▶ [TASK MATERIAL]

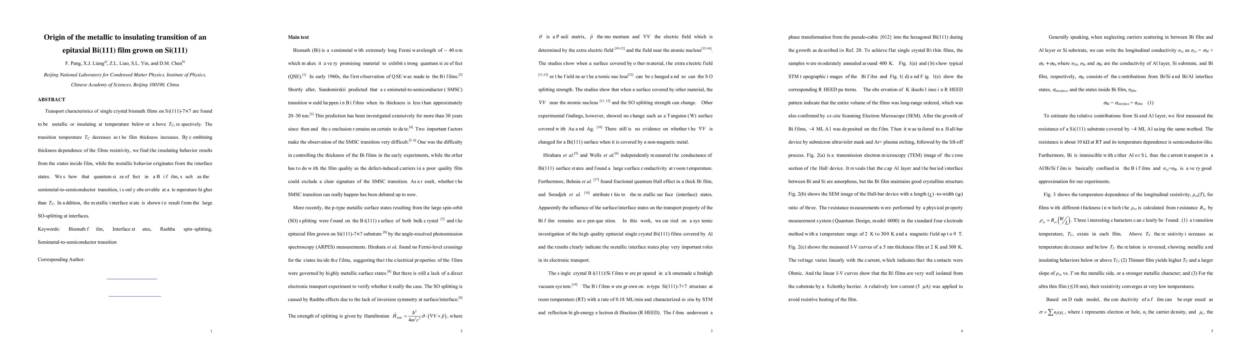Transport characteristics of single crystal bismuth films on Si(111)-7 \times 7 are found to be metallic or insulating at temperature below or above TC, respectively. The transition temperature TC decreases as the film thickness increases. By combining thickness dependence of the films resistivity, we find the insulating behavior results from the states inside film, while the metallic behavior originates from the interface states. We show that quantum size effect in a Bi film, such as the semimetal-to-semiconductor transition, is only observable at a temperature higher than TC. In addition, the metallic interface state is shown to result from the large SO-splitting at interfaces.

--

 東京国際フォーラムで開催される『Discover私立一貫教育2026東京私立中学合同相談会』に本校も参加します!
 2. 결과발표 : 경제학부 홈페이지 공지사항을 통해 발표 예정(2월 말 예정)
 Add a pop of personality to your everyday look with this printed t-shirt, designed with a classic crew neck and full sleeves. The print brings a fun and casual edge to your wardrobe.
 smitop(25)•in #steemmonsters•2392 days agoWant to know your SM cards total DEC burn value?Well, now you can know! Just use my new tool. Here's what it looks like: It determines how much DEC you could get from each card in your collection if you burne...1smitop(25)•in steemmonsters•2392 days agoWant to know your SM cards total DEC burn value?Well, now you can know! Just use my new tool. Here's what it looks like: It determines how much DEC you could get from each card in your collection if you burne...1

--

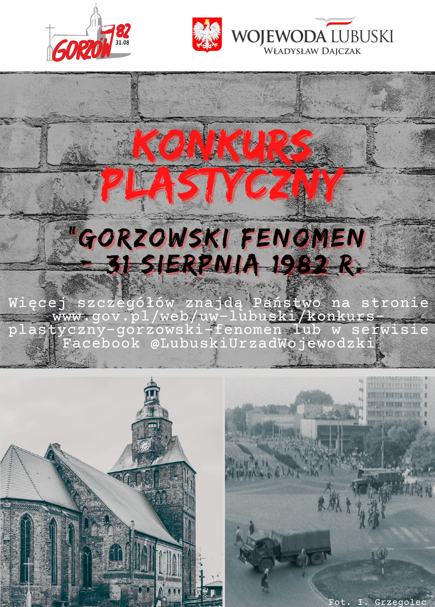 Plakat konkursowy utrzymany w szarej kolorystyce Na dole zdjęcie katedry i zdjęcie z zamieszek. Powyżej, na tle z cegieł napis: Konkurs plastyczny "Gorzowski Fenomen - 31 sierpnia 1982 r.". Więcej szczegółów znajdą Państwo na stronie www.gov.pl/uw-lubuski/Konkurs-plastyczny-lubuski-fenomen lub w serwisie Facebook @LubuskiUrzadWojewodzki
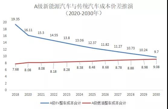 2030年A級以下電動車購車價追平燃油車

▶ [WHAT YOU ARE ASKED TO DO] Every line above with the string "your" in it should be copied into the answer.

▶ [RESPONSE TO THE EXERCISE]
 Add a pop of personality to your everyday look with this printed t-shirt, designed with a classic crew neck and full sleeves. The print brings a fun and casual edge to your wardrobe.
 smitop(25)•in #steemmonsters•2392 days agoWant to know your SM cards total DEC burn value?Well, now you can know! Just use my new tool. Here's what it looks like: It determines how much DEC you could get from each card in your collection if you burne...1smitop(25)•in steemmonsters•2392 days agoWant to know your SM cards total DEC burn value?Well, now you can know! Just use my new tool. Here's what it looks like: It determines how much DEC you could get from each card in your collection if you burne...1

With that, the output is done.